Volviendo al combate: la misión inicial que jugué claramente no mostraba todos los trucos del arsenal de Mouse. La mayoría de las peleas fueron bastante simples, contra no más de dos o tres enemigos, pero aun así me divertí por un par de razones: primero, la exagerada estética de caricatura de este mundo. ¿Recuerdas que dije antes que Mouse se compromete con todo lo que intenta hacer? Eso también aplica a las animaciones de muerte. Si le disparas en la cabeza a un ratón enemigo robótico, su cabeza simplemente salta con un estilo de caricatura exagerado, mientras gotas de aceite brotan del delgado muñón de su cuello. (Nota al margen: probablemente nunca había escrito una frase así en toda mi carrera o vida). Incluso hay mecánicas de ganzúa, en las que usas ingeniosamente tu cola de ratón para maniobrar dentro de la cerradura y golpear los pernos correctamente.
Armas estilo Rubberhose
Y segundo, están las armas. Simplemente me encanta usarlas. Apostaría a que hay más shooters en primera persona en la historia que han usado una pistola, escopeta y algún tipo de ametralladora que los que no, así que reconozco que no es precisamente novedoso. Pero todas las armas tienen un estilo y sonido exagerado que encaja perfectamente. Mi favorita hasta ahora es la escopeta, que tiene un buen retroceso, y sería negligente no mencionar la satisfactoria animación de recarga de la James gun, en la que Jack Pepper encaja un nuevo tambor de munición en la parte inferior del arma.
Eso no quiere decir que no haya ideas originales en el arsenal de Mouse.
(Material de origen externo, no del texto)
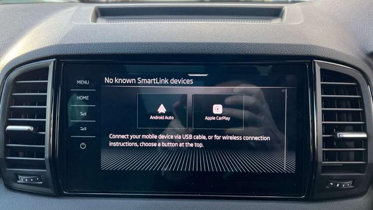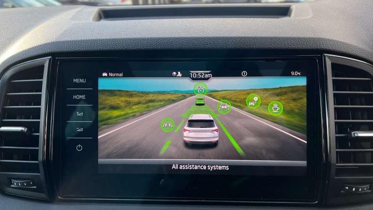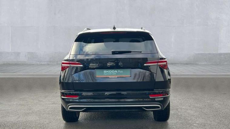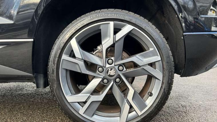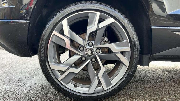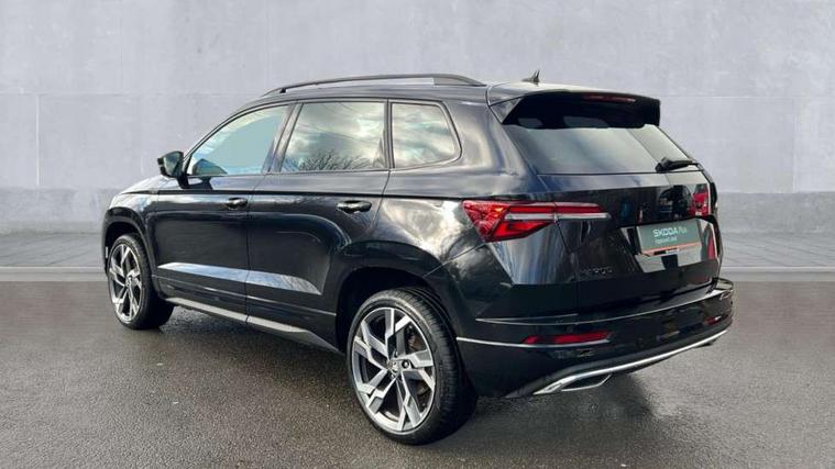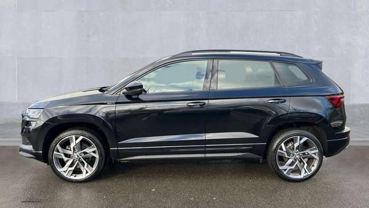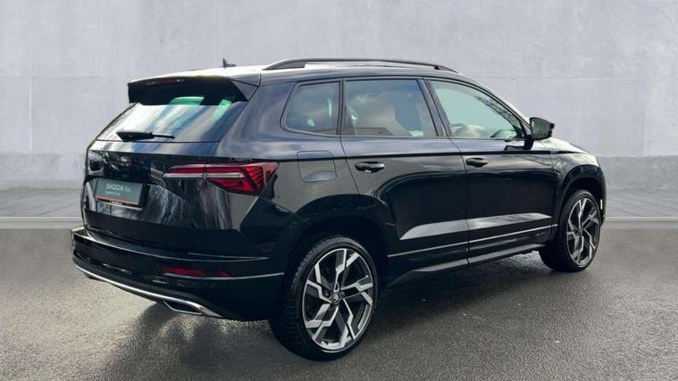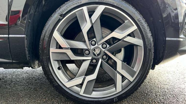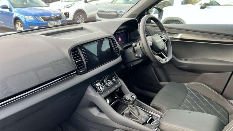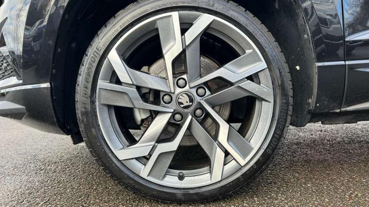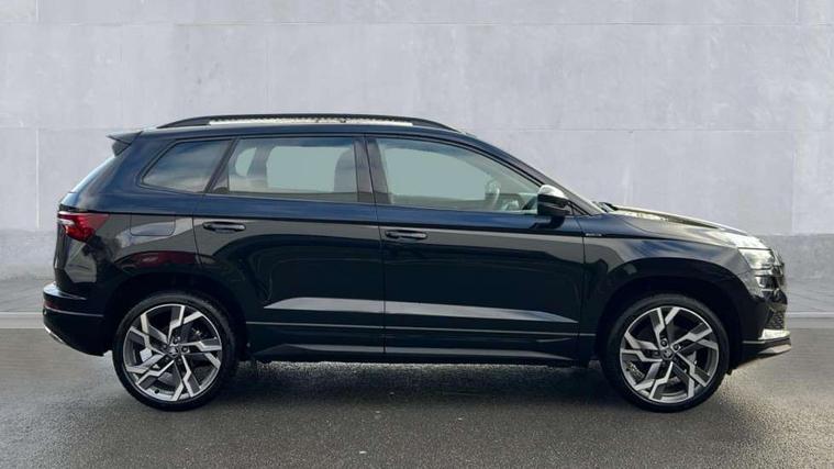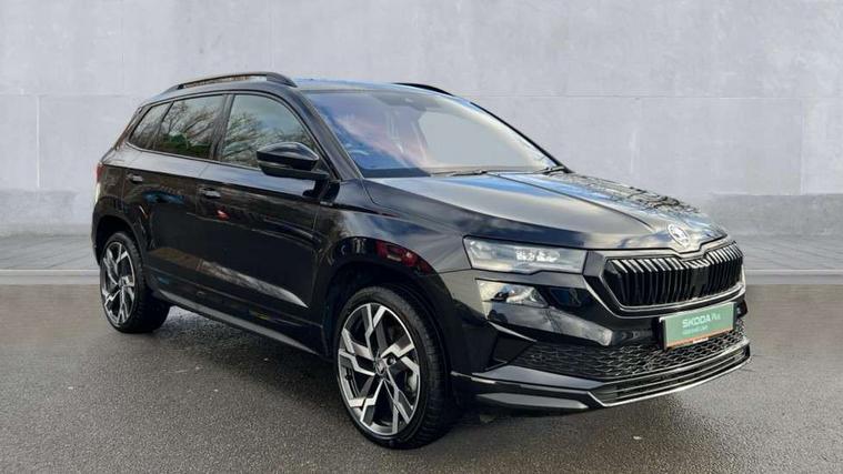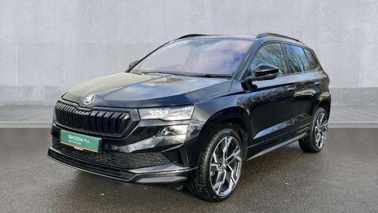 Advanced driver attention and drowsiness monitor, Emergency services call system, Outside temperature gauge, Sensor for driver assistance systems, Service interval indicator, SmartLink wireless for Apple and wired for Android, Start/stop system with regenerative braking, Traffic sign recognition, USB C Port x 2 in front centre console, Virtual Cockpit - 10.25" digital display, Virtual pedal with electrically operated boot door, Wireless smartphone charging, DAB radio with Bluetooth, USB connection, Acoustic glass, Aero front windscreen wipers with intermittent function, Auto dimming rear view mirror with light and rain sensors, Black door mirrors, Black electric window control buttons, Black radiator grille, Black roof rails, Body colour door handles, Electric front and rear windows with child proof lock, Extended rear roof spoiler, Front door steps with SportLine logo, Heated rear windscreen, LED daytime running lights, LED rear lights with high functionality welcome effect and dynamic indicators, Light assistant (coming/leaving home/tunnel light), Panoramic sliding sunroof, Plastic scuff plates in door apertures, Privacy glass, Protective door side sills in body colour, Rear diffuser, Rear side wing doors, Rear window wiper with washer system and intermittent control, Safety reflectors on front doors, Skoda lettering on tailgate in black, Sportline badge on front fender, Sports front and rear bumpers, Third brake light, Unique dark chrome design logo on alloy wheels, 1.5 litre bottle holders in driver and front passenger door panels, 12V socket in boot, 12v socket in front centre armrest with storage compartment and rear air vents, 2 x Tablet holder, 3 rear height adjustable headrests, 3 seat bench in 2nd row, 3 spoke sports leather heated multifunction steering wheel with DSG paddles, 4 foldable roof handles with rear coat hooks, Black floor carpet, Cargo elements in boot, Chrome inner door handles, Foldable hooks in the boot, Front head restraints, Height adjustable front three point seats belts with tensioners, Height/reach adjust steering wheel, Ice scraper, Illuminated glovebox, Illuminated luggage compartment, Isofix child seat preparation for front passenger seat, Isofix child seat preparation outer rear, Manual lumbar support for front seats, Pen holder, Pollen filter, Rear backrest release from boot, Rear boot cover, Rear package tray, Rear reading lights, Rear seats fixed folding and divided 60:40, Rubbish bin door, Safety vest holder, Single front passenger seat, Skoda lettering on steering wheel, Sportline decorative inserts, Storage box in upper central dashboard closed, Sunvisors with illuminated vanity mirrors, Textile floor mats, Ticket holder, Titan black interior ceiling, Umbrella under passenger seat, Under passenger seat storage compartment, Columbus pack - Karoq, LED Interior lighting pack with Skoda welcome logo - Karoq, Light Pack - Karoq, Non Smokers pack, Performance pack - Karoq, Winter plus pack with heated front and rear seats - Karoq, Automatic door unlocking in case of crash, Automatic fuel cut off in case of crash, Driver airbag, Electronic parking brake with auto hold function, Emergency rear braking signal, ESC (incl. ABS+MSR+ASR+EDS+HBA+DSR+RBS+MKB), Front side airbags, Head airbags, Hill hold control, Knee airbags, Passenger airbag with switch-off function, Pedestrian monitor, Seatbelt reminder signalisation and pretensioner for all seats, Three point seatbelts rear, Two tone horn, Tyre pressure monitor, Alarm with interior monitoring, back up horn and tilt sensor with safe function, Electronic engine immobiliser, Keyless entry and start/stop, Remote central locking with 2 remote folding keys, Black air vent surround, Black centre console, carbon door decor, Satin black dashboard, Satin black door trim, 19" Sagittarius anthracite alloy wheels, Anti-theft wheel bolts protection, Breakdown and tool kit,

El arma de Trementina, como mencioné antes, dispara masas de solvente que disuelve la tinta y derrite a estos villanos de caricatura, dejando sus huesos a la vista antes de que también se desintegren en un montón de polvo. Es una de mis armas favoritas en un shooter en primera persona en bastante tiempo, quizá desde la Skullcrusher de Doom: The Dark Ages del año pasado.
La animación estilo rubberhose hace que tus armas parezcan estar siempre moviéndose, y las animaciones de disparo y recarga son igualmente satisfactorias.
Además, no solo disfruto usar las armas de Mouse, también me divierte verlas en acción. La animación estilo rubberhose hace que tus armas parezcan estar siempre moviéndose, y las animaciones de disparo y recarga son igualmente satisfactorias. No puedo esperar a descubrir qué otras armas “retorcidas” me esperan en el resto de esta campaña exclusivamente para un jugador.
Robo-Jefe
Mouse también promete muchas peleas contra jefes, y aunque solo pude experimentar una de ellas en tres fases distintas, definitivamente me obligó a subir un poco el nivel. No diría que me sentí particularmente amenazado —no morí en absoluto—, pero también era una misión temprana en dificultad Normal. En cualquier caso, me enfrenté a un ratón robótico llamado Watchamacallit (cuya identidad se revelará apropiadamente cuando juegues tú mismo). Tuve que saltar para evitar descargas eléctricas girando por el suelo y cubrirme detrás de paneles de vidrio que aparecían cuando ella pasaba a otra fase de su ataque. El encuentro definitivamente me mantuvo alerta, y estoy deseando ver cómo aumenta el desafío en las peleas contra jefes posteriores.
Como mencioné al inicio, ya había tenido el privilegio de jugar Mouse el verano pasado, así que llegué a esta nueva sesión práctica con un optimismo bien ganado. Pero al terminar con esta última versión de prueba, quedé aún más impresionado de lo que esperaba. Mouse: P.I. for Hire, según lo que he jugado hasta ahora, es mucho más que su distintivo estilo de animación rubberhose de los años 30. Todo indica que también tiene una profundidad y mecánicas de juego legítimas, y ha subido en mi lista de títulos más esperados en un año que ya está lleno de gran potencial. Ojalá Mouse logre mantener este nivel a lo largo de toda su campaña cuando se estrene el próximo mes.